Items from a data source:

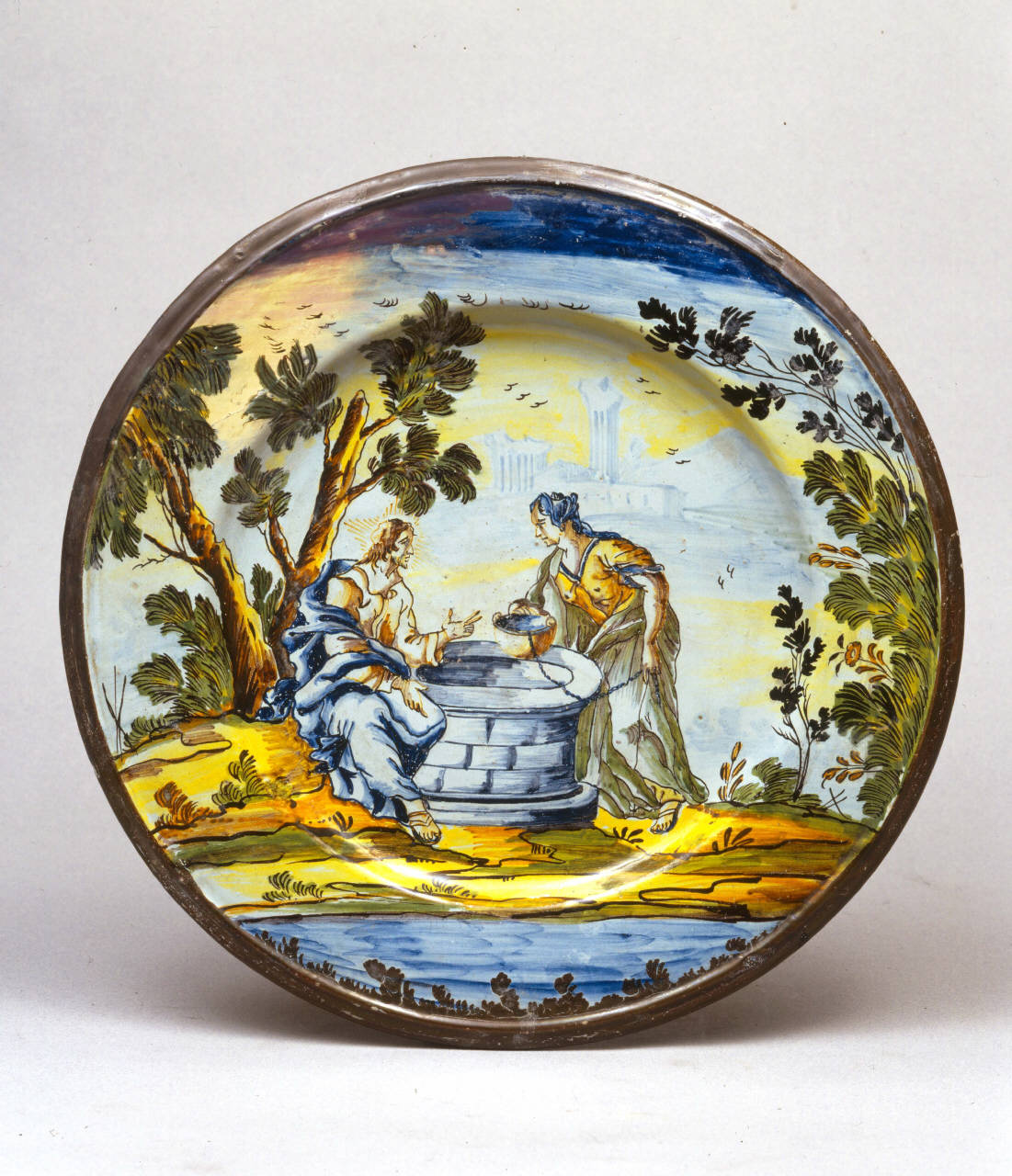 Grande piatto con tesa suborizzontale, orlo ingrossato con rialzo interno, base apoda convessa. Foggiato a stampo. Decorazione "a scenografia barocca" a pieno campo con Cristo seduto accanto al pozzo e di fronte a lui la Samaritana con un secchio; alle spalle di Cristo alberi, a destra quinte di cespugli nascenti dal bordo, sfondo a paesaggio montuoso con edifici turriti e uccellini schematici. Orlo a fascia in manganese. All'esterno in corrispondenza del flesso fra cavetto e tesa cinque grandi piantine schematiche a girandola e al centro la data 1723 in blu.
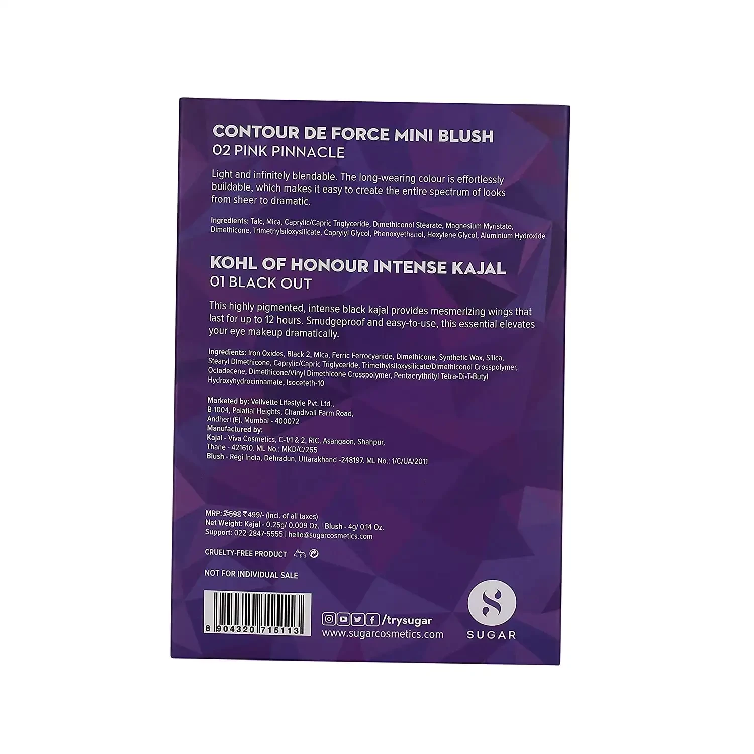 · includes kohl of honour intense kajal, 01 black out (black) and contour de force mini blush - 02 pink pinnacle (deep rose)
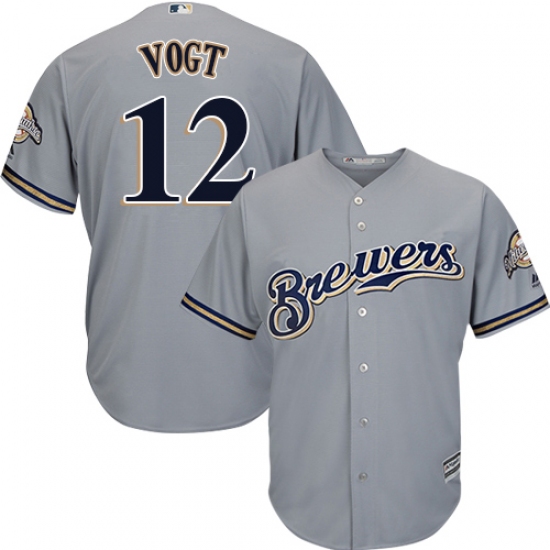 Youth Majestic Milwaukee Brewers #12 Stephen Vogt Authentic Grey Road Cool Base MLB Jersey
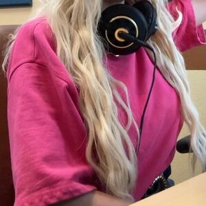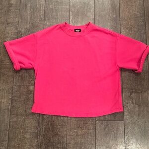 Monrow eco-friendly organic cotton, pink shirt - I believe it’s a medium. It’s in good condition. I’m 5’7 130 lbs and it fits me loose and perfect (see photo)
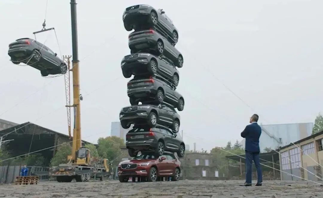 早年沃尔沃XC60的“7车叠罗汉”,同样是总裁出镜、制造话题。每一次,都是高成本、强表演、强个人曝光。
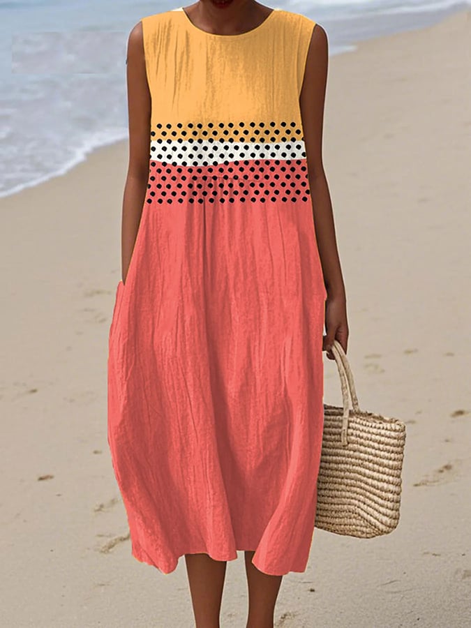 Women's casual cotton-linen printed dress
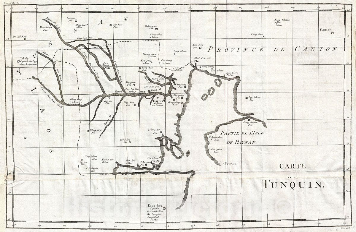 A very unsual 1781 map of northern Vietnam compiled from early Jesuit missionary reports. This unusual maps covers from Canton (Guangzhou, China) in the far northeast southwards as far as Koue-hoe (Hue, Vietnam, ancient capital of Cochinchine), and westwards as far as Tchely (Kunming, Yunna, China). The map includes part of Hainan Island, Ha Long Bay, the South China Sea, and various rivers systems leading into the mountainous interior of modern day Vietnam. Tong-Tou, most likely the modern city of Hanoi, is noted. Numerous cities, villages, and ethnic groups are noted, as are the borders the Kingdom of Tonkin. The map was engraved by Jean Dominique Etienne Canu in Paris, France, for issue in Yves Mathurin Marie Treaudet de Querboeuf's Lettres Edifiantes et Curieuses.
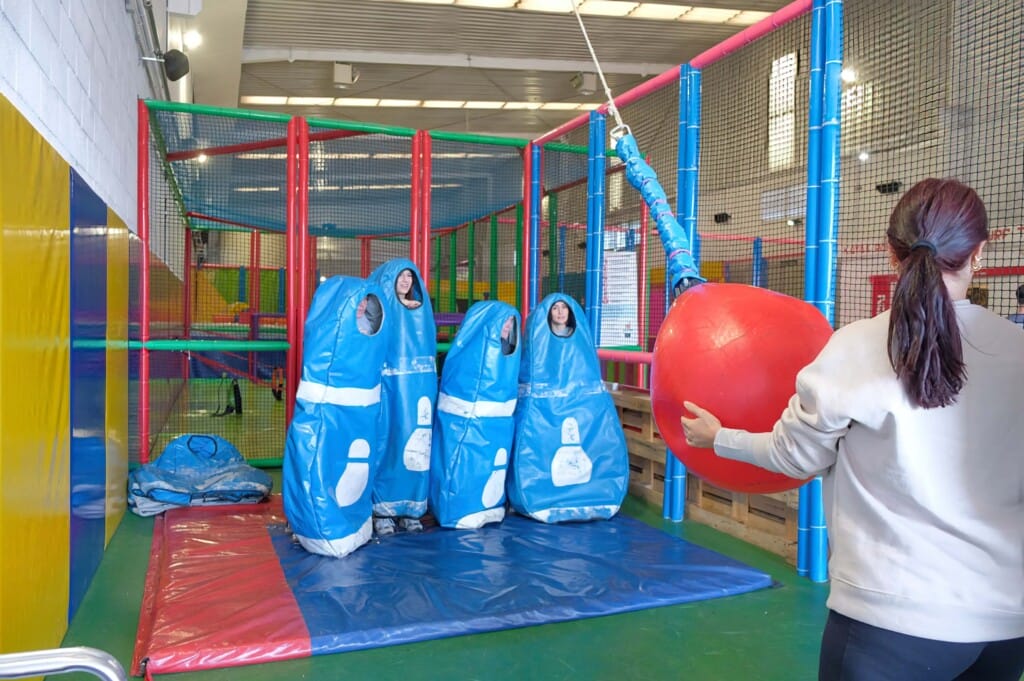 - Bolos humanos — enfundado en un traje que limita el movimiento, tienes que esquivar la bola del equipo contrario
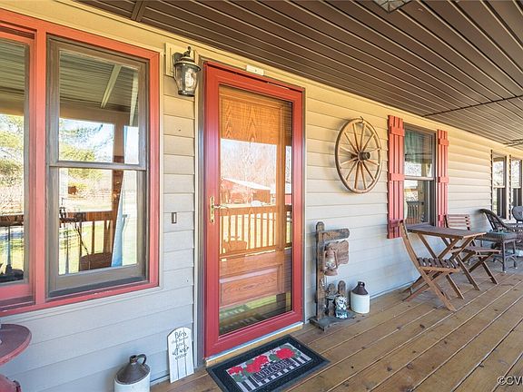 Ready for horses! This exceptional 34-acre property is designed for equestrian living, featuring an 11-stall aisle barn with inside and outside wash bays, a feed room, and a tack office. The land is a mix of cleared pastures and timbered acreage, already divided into paddocks and open grazing areas, with new fencing surrounding the entire property. A large open riding arena provides ample space for training and riding. With road frontage, horse loading and hay deliveries are effortless. Nestled among mature trees for privacy, the home exudes a charming mountain retreat vibe with one-level living, a full-length country porch, and a screened-in porch for enjoying the peaceful surroundings. The home was renovated just three years ago, featuring a new roof, siding, fencing, flooring, windows, doors, and remodeled bathrooms. Inside, the eat-in kitchen is equipped with stainless steel appliances, while the home also offers a laundry room, living room, and family room. The primary bedroom features a private ensuite for added comfort. Outdoor spaces are further enhanced by a new back deck. Additional upgrades include all-new Leaf Lifter gutters, a newly installed gutter system, and an artesian well. Despite the peaceful setting, the property is just minutes from Food Lion, Tractor Supply, restaurants, and the county courthouse.
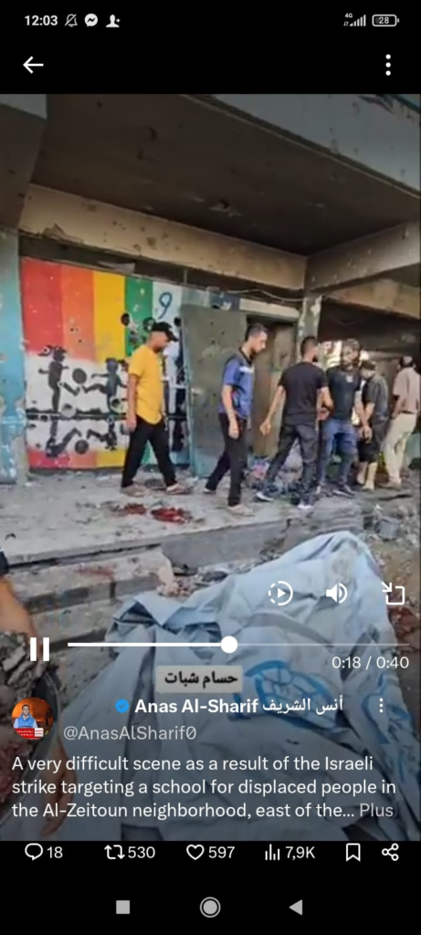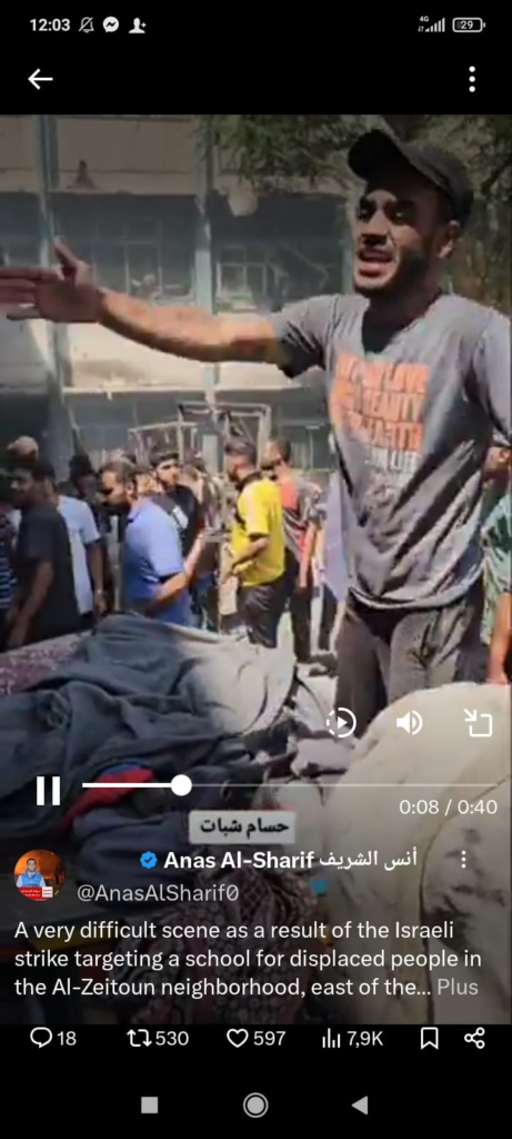 Twitter/X user @AnasAlSharif0 and @Hakeam_ps reported the strike at 10:45-10:53 AM, writing about deaths and injuries amongst civilians. At 12:52 Safa News Agency’s correspondent also reported the strike, noting that it led to the death of 20 civilians. At 13:38 Safa, referring to the Civil Defense, updated the information: “20 martyrs, including 13 children, 6 women and a fetus, and nearly 30 injured, including nine children with amputations, as a result of Israeli shelling of the “Al Zeitoun C” school, which houses thousands of displaced people in the Al Zeitoun neighbourhood, south of Gaza City.”
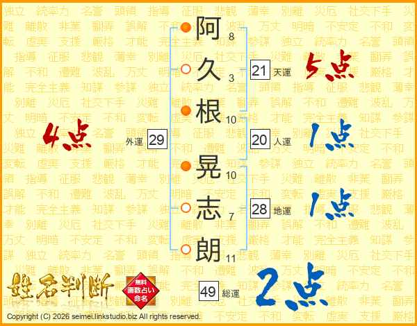 阿久根晃志朗さんの天運は21画の5点!
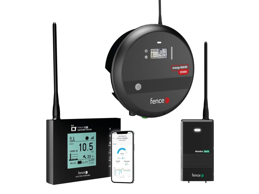 Sada chytrého elektrického ohradníku s RF generátorem a centrální zařízením FENCE WiFi GATEWAY GW100, které umožňuje okamžité připojení zařízení na fencee Cloud a ovládání vzdáleně mobilním telefonem, tabletem nebo počítačem. Generátor elektrického ohradníku Silný kombinovaný generátor fencee energy DUO RF EDX80 je se svým výkonem 8 J vhodný pro dlouhé ohrady s délkou instalace až 80 km, v místech kde je třeba zajistit maximální výkon a spolehlivost. Generátor je univerzálně použitelný pro téměř všechny druhy zvířat, jako jsou koně, ovce, skot, prasata nebo kozy. Své využití najde také při ochraně pozemků nebo úrody před lesní zvěří, divokými prasaty nebo škůdci, jako jsou vydry, kuny a bobři. Je vhodný i pro mláďata díky žluté svorce se sníženým výstupem. Tu můžete připojit na spodní řadu vodiče ohrady nebo na druhou ohradu, ve které se pohybují menší zvířata nebo mláďata. Centrální a ovládací jednotka V sadě elektrického ohradníku je připravena centrální a ovládací FENCE WiFi GATEWAY GW100. Díky ní zařízení připojíte na fencee Cloud a pomocí bezplatné aplikace pro Android a iOS můžete spárovaná zařízení ovládat prakticky odkudkoliv na světě, zaleží pouze internetovém připojení. Přes 1 centrální WiFi Gateway ovládate až 12 RF zařízení. Pro provoz nejsou potřeba žádné registrační poplatky ani SIM karty. Žádné další výdaje, minimalizujete tak vaše náklady na provoz chytrého elektrického ohradníku. Přes Cloud generátory nejen ovládáte, ale také kontrolujete pomocí notifikací, které se ihned zobrazí ve vašem telefonu nebo e-mailu. {QUOTE-607} Díky systému chytré farmy fencee získáte maximální přehled nad vaší elektrickou ohradou kdykoliv a odkudkoliv. Zařízení můžete vzdáleně vypínat, ovládat a monitorovat. V případě nastalého problému dostanete okamžitý alarm do telefonu a na e-mail. Všechny výhody a funkce elektrických ohradníků s aplikací fencee Cloud. Monitorující zařízení jako DÁREK V sadě na vás bude čekat také kontrolní Monitor MX10. Po připojení na elektrickou ohradu měří hodnotu napětí. V případě poklesu pod nastavenou hodnotu odesílá upozornění do centrální Gateway, která ihned spustí on-line alarm o vzniklém poklesu napětí na ohradě. Spárovaný Monitor MX10 ovládáte vzdáleně pomocí mobilní aplikace. Kontrolní monitory mají mnoho způsobů instalace, pokud se chcete dozvědět více, přečtěte si článek o různém zapojení kontrolních Monitorů. Základní a externí RF anténa Chytrá RF zařízení fencee jsou dodávána se základní anténou, která umožňuje dosah komunikace na vzdálenost 10 km. Pro případ, že potřebujete zlepšit kvalitu signálu a dosah přenosu, využijte možnosti instalace externí antény, díky které zvýšíte dosah až na 30 km. Více o montáži externích antén si přečtěte v našem článku. Kombinované napájení Kombinované RF generátory fencee můžete napájet pomocí adaptéru ze sítě 230 V nebo z běžné autobaterie. Tu můžete použít také jako záložní zdroj v případě poruchy nebo výpadku elektrického proudu. Centrální FENCE WiFi GATEWAY GW100 je standardně napájena adaptérem ze sítě 230 V. Pro případ výpadku proudu je opatřena záložním zdrojem, který dodává napětí až 12 hodin. V případě, že potřebujete poradit s výběrem vhodného ohradníku nebo dalších doplňků, neváhejte se obrátit naše technické oddělení, rádi vám pomůžeme. Obsah balení: generátor fencee energy DUO RF EDX80 centrální ovládací zařízení FENCE WiFi GATEWAY GW100 monitorovací zařízení Monitor MX10 ZDARMA Součástí balení generátoru: 1× generátor fencee energy DUO RF EDX80 1× napájecí adaptér 14 V / 2 A 1× základní RF anténa 1× zemnící kabel 150 cm (očko-očko) 1× připojovací kabel 100 cm (očko-srdíčko) 1× bateriový kabel pro připojení energy DUO RF k baterii 1× výstražná tabulka fencee návod k obsluze Součástí balení FENCE WiFi GATEWAY GW100: 1× základní RF anténa 1× napájecí adaptér 14 VDC 1× záložní bateriový zdroj 9,6 V 2× vrut a hmoždinka pro instalaci návod k obsluze Součástí balení Monitoru MX10: 1× základní RF anténa 2× baterie typ C LR14 1× připojovací kabel 100 cm 1× zemnící kabel 150 cm se zemnícím kolíkem 2× stahovací pásky pro snadnou montáž monitoru 1× magnet se šňůrkou návod k obsluze Případové Studie Chytré Farmy fencee Cloud Podívejte se, jak pomáhá Chytrá Farma s aplikací fencee Cloud několika našim zákazníkům, mezi kterými najdete např. zoologickou zahradu, zemědělské družstvo zabývající se chovem skotu, ovčí farmu nebo ranč s koňmi. {CASE-STUDIES:702;515;575;578;604;639;607}
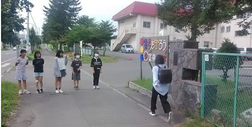 児童会では、学校全体のコミュニケーション の活性化を図り、豊かな人間関係と住みよい学校の生活環境を築くことを目的として「あいさつ運動」に取り組んでいます。朝、正門で登校してくる児童に笑顔で「おはようございます!」と声をかけています。

*INSTRUCTIONS TO FOLLOW:* Nothing but the lines from the start of the records above through the line with "Women's casual cotton-linen printed dress" should be retyped, each exactly as written; leave out all pictures.

*WRITTEN ANSWER:*
 Grande piatto con tesa suborizzontale, orlo ingrossato con rialzo interno, base apoda convessa. Foggiato a stampo. Decorazione "a scenografia barocca" a pieno campo con Cristo seduto accanto al pozzo e di fronte a lui la Samaritana con un secchio; alle spalle di Cristo alberi, a destra quinte di cespugli nascenti dal bordo, sfondo a paesaggio montuoso con edifici turriti e uccellini schematici. Orlo a fascia in manganese. All'esterno in corrispondenza del flesso fra cavetto e tesa cinque grandi piantine schematiche a girandola e al centro la data 1723 in blu.
 · includes kohl of honour intense kajal, 01 black out (black) and contour de force mini blush - 02 pink pinnacle (deep rose)
 Youth Majestic Milwaukee Brewers #12 Stephen Vogt Authentic Grey Road Cool Base MLB Jersey
 Monrow eco-friendly organic cotton, pink shirt - I believe it’s a medium. It’s in good condition. I’m 5’7 130 lbs and it fits me loose and perfect (see photo)
 早年沃尔沃XC60的“7车叠罗汉”,同样是总裁出镜、制造话题。每一次,都是高成本、强表演、强个人曝光。
 Women's casual cotton-linen printed dress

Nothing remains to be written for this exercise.